Segment Start: Data provided
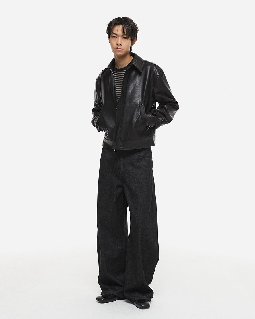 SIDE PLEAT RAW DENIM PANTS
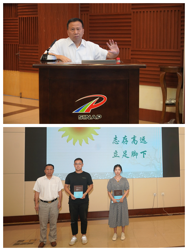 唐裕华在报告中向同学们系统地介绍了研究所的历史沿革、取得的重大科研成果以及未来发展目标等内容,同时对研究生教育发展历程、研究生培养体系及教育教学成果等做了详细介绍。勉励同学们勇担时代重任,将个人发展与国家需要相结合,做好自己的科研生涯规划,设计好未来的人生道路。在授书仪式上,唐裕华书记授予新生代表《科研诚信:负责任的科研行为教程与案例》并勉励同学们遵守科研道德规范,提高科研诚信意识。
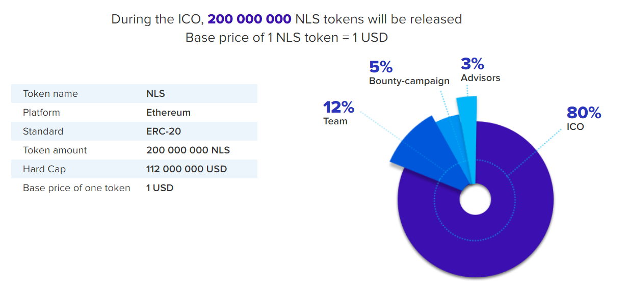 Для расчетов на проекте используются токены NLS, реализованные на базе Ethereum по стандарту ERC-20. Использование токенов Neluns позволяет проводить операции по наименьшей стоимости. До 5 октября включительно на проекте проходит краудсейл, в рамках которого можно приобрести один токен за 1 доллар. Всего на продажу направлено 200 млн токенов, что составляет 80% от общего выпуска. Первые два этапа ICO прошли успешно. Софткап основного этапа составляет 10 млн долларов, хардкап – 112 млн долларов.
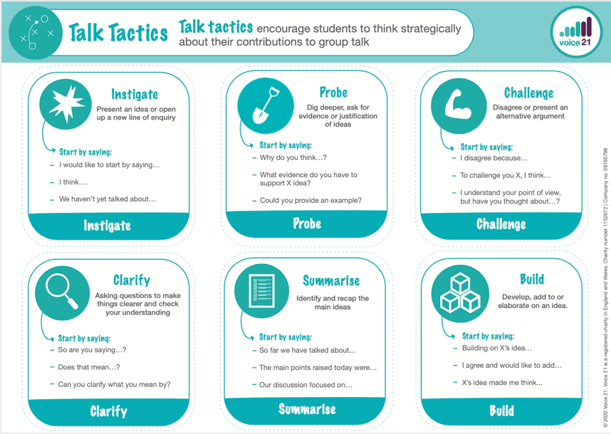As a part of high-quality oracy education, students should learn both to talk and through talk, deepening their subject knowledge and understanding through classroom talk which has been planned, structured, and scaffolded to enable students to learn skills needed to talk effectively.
Segment End: Data provided
Print the full listing again exactly, and drop every image from it.

 SIDE PLEAT RAW DENIM PANTS
 唐裕华在报告中向同学们系统地介绍了研究所的历史沿革、取得的重大科研成果以及未来发展目标等内容,同时对研究生教育发展历程、研究生培养体系及教育教学成果等做了详细介绍。勉励同学们勇担时代重任,将个人发展与国家需要相结合,做好自己的科研生涯规划,设计好未来的人生道路。在授书仪式上,唐裕华书记授予新生代表《科研诚信:负责任的科研行为教程与案例》并勉励同学们遵守科研道德规范,提高科研诚信意识。
 Для расчетов на проекте используются токены NLS, реализованные на базе Ethereum по стандарту ERC-20. Использование токенов Neluns позволяет проводить операции по наименьшей стоимости. До 5 октября включительно на проекте проходит краудсейл, в рамках которого можно приобрести один токен за 1 доллар. Всего на продажу направлено 200 млн токенов, что составляет 80% от общего выпуска. Первые два этапа ICO прошли успешно. Софткап основного этапа составляет 10 млн долларов, хардкап – 112 млн долларов.
As a part of high-quality oracy education, students should learn both to talk and through talk, deepening their subject knowledge and understanding through classroom talk which has been planned, structured, and scaffolded to enable students to learn skills needed to talk effectively.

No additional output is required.